Malawi has given up on its dream of using the Shire and Zambezi rivers as a route for goods to reach the sea, Mozambique’s transport minister has said. The decision follows a recent understanding between Mozambican President Filipe Nyusi and his Malawian counterpart, Lazarus Chakwera, on facilitating increased use of the Mozambican port and rail systems for Malawian trade.

The project to use the rivers was the brainchild of a previous Malawian President, Bingu wa Mutharika, who considered the “Shire-Zambezi Waterway” as key to lowering transport costs to the Indian Ocean.

Malawi’s new government has accepted the results of a report commissioned by Mozambique, Malawi and Zambia in 2015 which found that using the rivers would not be viable — and instead will use a new connection to the Sena rail line that goes to Beira, and the Nacala rail line that runs through Malawi, as well as road access to the Nacala and Beira freight corridors.

The need for the Shire-Zambezi Waterway was always highly questionable, since all of Malawi’s trade can be handled comfortably by the Mozambican ports of Beira and Nacala and the railways that connect them to Malawi.

The new Malawian government seems to have come to terms with this reality, and accepts that the Mozambican ports are quite capable of dealing with Malawian exports and imports.

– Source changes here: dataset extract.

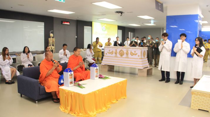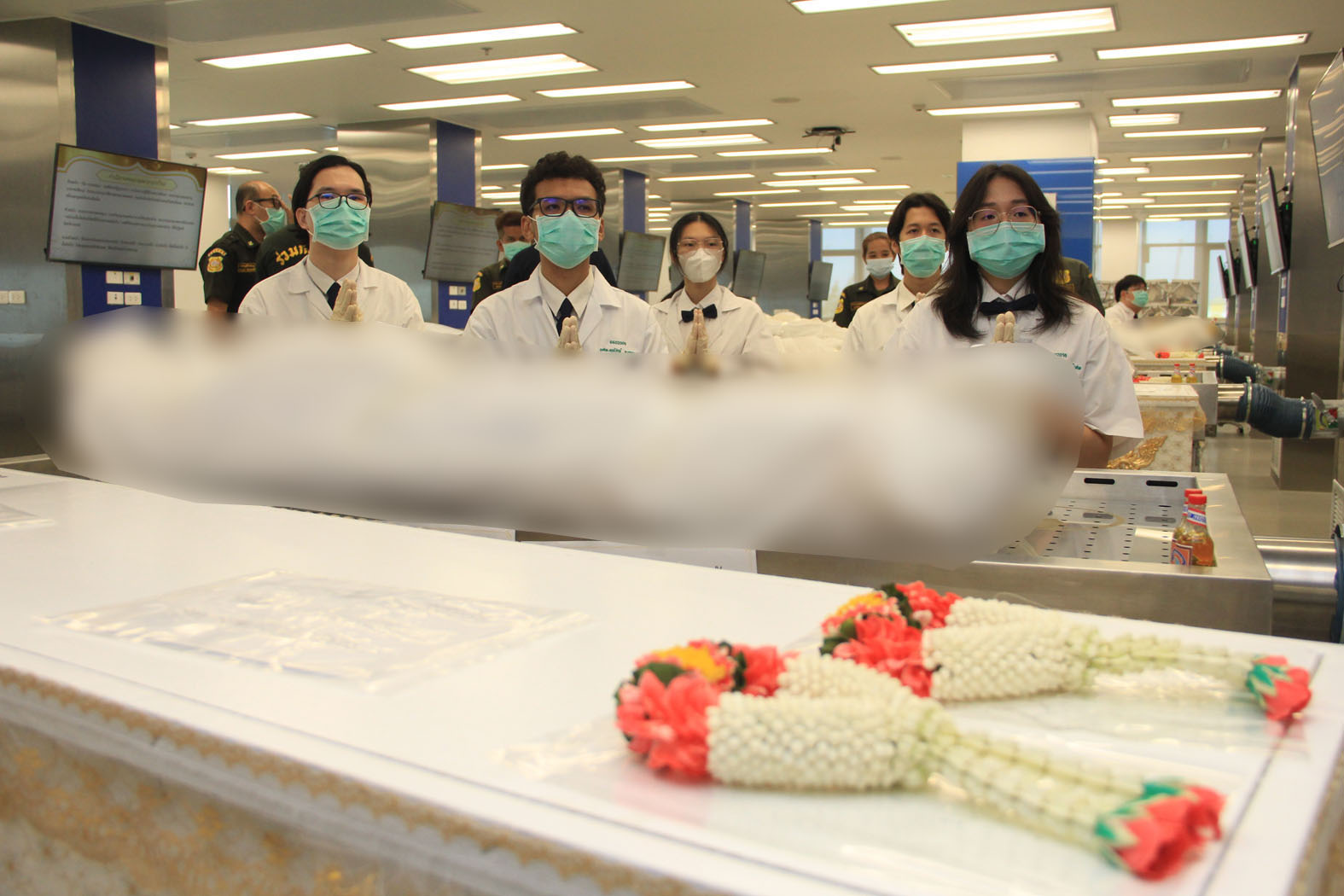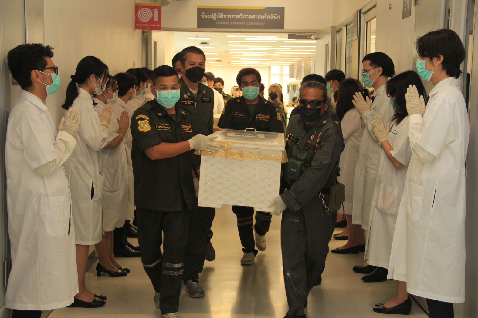 โดย นักศึกษาแพทย์ ชั้นปีที่ 2 พร้อม เจ้าหน้าที่มูลนิธิร่วมกตัญญู ได้ร่วมกันบรรจุร่าง “อาจารย์ใหญ่” จำนวน 67 ร่าง ก่อนเคลื่อนขบวนอย่างสมเกียรติไปยังวัดต่างๆ ในจังหวัดสมุทรปราการ ได้แก่ วัดบางพลีใหญ่กลาง 32 ร่าง / วัดลาดหวาย 15 ร่าง / วัดราษฎร์บูรณะ 10 ร่าง / วัดมงคลโคธาวาส 9 ร่าง และ วัดบางพลีใหญ่ใน พระอารามหลวง 1 ร่าง ซึ่งจะมี การสวดพระอภิธรรมศพ ใน วันที่ 7 มิถุนายน 2568 เวลา 16.00 น. และมี พิธีพระราชทานเพลิงศพเป็นกรณีพิเศษ ในวันที่ 8 มิถุนายน 2568 โดยจะมีการนำร่างประกอบพิธีแยกเป็นรายบุคคล เพื่อแยกเก็บอัฐิส่งมอบคืนแก่ครอบครัวของผู้บริจาคร่างกาย

Nacala is generally regarded as the best deep water port on the east African coast, and its broad access channel never requires dredging. The Mozambican authorities assured their Malawian counterparts that they will continue the programme to rehabilitate and modernise Nacala, costed at around 300 million US dollars. This will raise the handling capacity of the port from 100,000 to 250,000 containers a year.